Got data? Let’s dive into it using statistics and Excel. Although we’re discussing this in OneNote, Excel will be our primary tool. If you have access to OneNote, you can follow along with the presentation, but it’s not required.
Getting Started with Data
Our dataset involves daily calorie counts. Here are a few examples:
- 3/12/2016: 2993 calories
- 3/13/2016: 1777 calories
- 3/14/2016: 2480 calories
We’ll treat this dataset as our entire population for statistical analysis. Then, we’ll take samples from this data to run statistical tests and see if the sample information reflects the entire population.
Basic Statistical Measures
- Mean (Average):
- Sum all the calorie counts.
- Divide by the number of entries.
- Formula in Excel:
=AVERAGE(range)
- Median:
- Arrange the data in ascending or descending order.
- Pick the middle value.
- Formula in Excel:
=MEDIAN(range)
- Maximum and Minimum:
- Maximum: The highest value.
- Minimum: The lowest value.
- Formulas in Excel:
=MAX(range)
and=MIN(range)
Creating a Histogram
To visualize the distribution, we create a histogram:
- Select the entire dataset.
- Use Excel’s histogram feature to categorize the data into ranges.
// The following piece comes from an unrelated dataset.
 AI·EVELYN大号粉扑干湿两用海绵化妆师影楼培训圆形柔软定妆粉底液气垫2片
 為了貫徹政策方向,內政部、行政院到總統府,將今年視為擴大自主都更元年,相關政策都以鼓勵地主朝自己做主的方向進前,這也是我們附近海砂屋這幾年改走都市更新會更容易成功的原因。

Sampling from the Population
To simulate random sampling:
- Random Number Generation:
- Use
=RAND()
in Excel to generate random numbers. - Attach these random numbers to each calorie count.
- Use
- Shuffle and Sample:
- Sort the data by the random numbers.
- Select the first 10 entries as your sample.
Repeated Sampling
For robust analysis:
- Create multiple random samples.
- Repeat the sampling process (e.g., 75 times).
- Analyze each sample separately and compare.
Example in Excel
Here’s a step-by-step to create multiple samples:
- Generate random numbers and attach them to the calorie data.
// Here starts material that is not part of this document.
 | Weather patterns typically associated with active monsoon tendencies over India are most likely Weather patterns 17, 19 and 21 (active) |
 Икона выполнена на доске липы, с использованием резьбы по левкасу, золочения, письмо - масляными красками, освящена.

- Sort and select the top entries for each sample.
- Repeat this to create several samples.
- Calculate the mean of each sample and compare to the population mean.
Visualizing with Histograms
- Create histograms for each sample.
- Compare these histograms to the population histogram.
Comparing Averages
Calculate the average of the sample means:
- Compare the sample mean to the population mean.
- Check if the sample means are close to the population mean.
Practical Use
By using Excel to handle large datasets, we can better understand statistical concepts. It allows for hands-on practice with data manipulation and visualization.
Summary
Playing with datasets in Excel provides valuable insights into statistical analysis. It helps develop an intuitive understanding of data distributions and sampling variability. In future presentations, we’ll dive deeper into mathematical descriptions and more complex statistical tests.